Re: Many pending compactions

2015-02-18 Thread Ja Sam
As Al Tobey suggest me I upgraded my 2.1.0 to snaphot version of 2.1.3. I
have now installed exactly this build:
https://cassci.datastax.com/job/cassandra-2.1/912/
I see many compaction which completes, but some of them are really slow.
Maybe I should send some stats form OpsCenter or servers? But it is
difficult to me to choose what is important

Regards



On Wed, Feb 18, 2015 at 6:11 PM, Jake Luciani jak...@gmail.com wrote:

 Ja, Please upgrade to official 2.1.3 we've fixed many things related to
 compaction.  Are you seeing the compactions % complete progress at all?

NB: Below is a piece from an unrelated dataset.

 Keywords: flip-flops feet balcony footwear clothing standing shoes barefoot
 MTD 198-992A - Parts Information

 On Wed, Feb 18, 2015 at 11:58 AM, Roni Balthazar ronibaltha...@gmail.com
 wrote:

 Try repair -pr on all nodes.

 If after that you still have issues, you can try to rebuild the SSTables
 using nodetool upgradesstables or scrub.

 Regards,

 Roni Balthazar

 Em 18/02/2015, às 14:13, Ja Sam ptrstp...@gmail.com escreveu:

 ad 3)  I did this already yesterday (setcompactionthrouput also). But
 still SSTables are increasing.

 ad 1) What do you think I should use -pr or try to use incremental?

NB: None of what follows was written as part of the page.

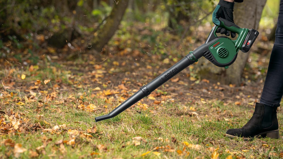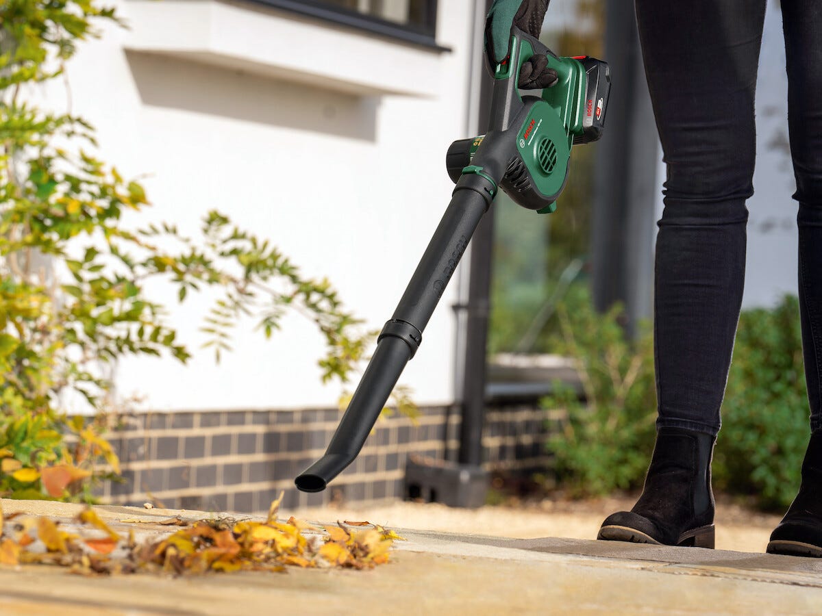 • Bosch LeafBlower 18V-130 – batteridrevet løvblåser med 2 hastigheter.

 On Wed, Feb 18, 2015 at 4:54 PM, Roni Balthazar ronibaltha...@gmail.com
 wrote:

 You are right... Repair makes the data consistent between nodes.

 I understand that you have 2 issues going on.

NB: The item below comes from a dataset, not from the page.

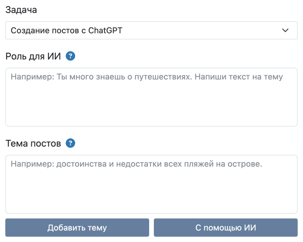 Темы можно задать самостоятельно, либо, опять-же, с помощью ИИ.

 You need to run repair periodically without errors and need to decrease
 the numbers of compactions pending.

 So I suggest:

 1) Run repair -pr on all nodes. If you upgrade to the new 2.1.3, you can
 use incremental repairs. There were some bugs on 2.1.2.
 2) Run cleanup on all nodes
 3) Since you have too many cold SSTables, set cold_reads_to_omit to
 0.0, and increase setcompactionthroughput for some time and see if the
 number of SSTables is going down.

 Let us know what errors are you getting when running repairs.

 Regards,

 Roni Balthazar


 On Wed, Feb 18, 2015 at 1:31 PM, Ja Sam ptrstp...@gmail.com wrote:

 Can you explain me what is the correlation between growing SSTables and
 repair?
 I was sure, until your  mail, that repair is only to make data
 consistent between nodes.

 Regards


 On Wed, Feb 18, 2015 at 4:20 PM, Roni Balthazar 
 ronibaltha...@gmail.com wrote:

 Which error are you getting when running repairs?
 You need to run repair on your nodes within gc_grace_seconds (eg:
 weekly). They have data that are not read frequently. You can run
 repair -pr on all nodes. Since you do not have deletes, you will not
 have trouble with that. If you have deletes, it's better to increase
 gc_grace_seconds before the repair.

 http://www.datastax.com/documentation/cassandra/2.0/cassandra/operations/ops_repair_nodes_c.html
 After repair, try to run a nodetool cleanup.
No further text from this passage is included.